Table
Adam Weisweiler
An item at Metropolitan Museum of Art
This side table demonstrates the persistent taste for the exotic and Chinoiserie during the reign of Louis XVI, a period more typically defined by the restrained Neoclassical forms inspired by ancient Rome and Greece. Attributed to the famed Parisian cabinetmaker Adam Weisweiler, the oak table is veneered with ebony, incorporates panels of black and gold Japanese lacquer, and is set with strips of pewter and gilt-bronze mounts. It has a marble top. A small drawer is located in the frieze, and the four tapered octagonal legs are joined by an interlacing stretcher mounted with a gilt-bronze urn (possibly a replacement). The central lacquer panel located in the frieze, paired with the two gilt-bronze panels featuring fauns and trophies, demonstrates how furniture under the reign of Louis XVI combined lacquer from the Far East with classical motifs from antiquity.
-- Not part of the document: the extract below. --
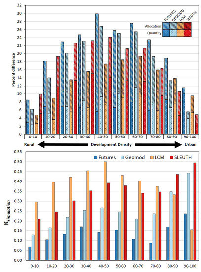 Overall, SLEUTH has the lowest allocation disagreement but its total disagreement (quantity plus allocation, Figure 3) was 19.0 percent. With an average allocation disagreement of 11.87, the LCM had the least total disagreement (12.7 percent). FUTURES and GEOMOD had higher allocation disagreements than the other two models (Table 3), but total disagreement for GEOMOD and FUTURES was 17.45 percent and 20.49 percent, respectively. Across development densities, LCM and SLEUTH typically had the lowest allocation disagreement (Figure 4). When evaluated in terms of total disagreement, LCM performed best in development densities of 80 percent or less, while SLEUTH outperformed the other models with development densities greater than 80 percent (Figure 4).

Seen with the museum’s vases chinois, a pair of vases produced around 1791 at Sèvres that sought to mimic the effects of black lacquer (1971.206.23), this desk typifies the black and gold aesthetics that briefly prevailed in the last decades of the ancien régime
European Sculpture and Decorative Arts
An exhibit at Metropolitan Museum of Art
The fifty thousand objects in the Museum's comprehensive and historically important collection of European sculpture and decorative arts reflect the development of a number of art forms in Western European countries from the early fifteenth through the early twentieth century. The holdings include sculpture in many sizes and media, woodwork and furniture, ceramics and glass, metalwork and jewelry, horological and mathematical instruments, and tapestries and textiles. Ceramics made in Asia for export to European markets and sculpture and decorative arts produced in Latin America during this period are also included among these works.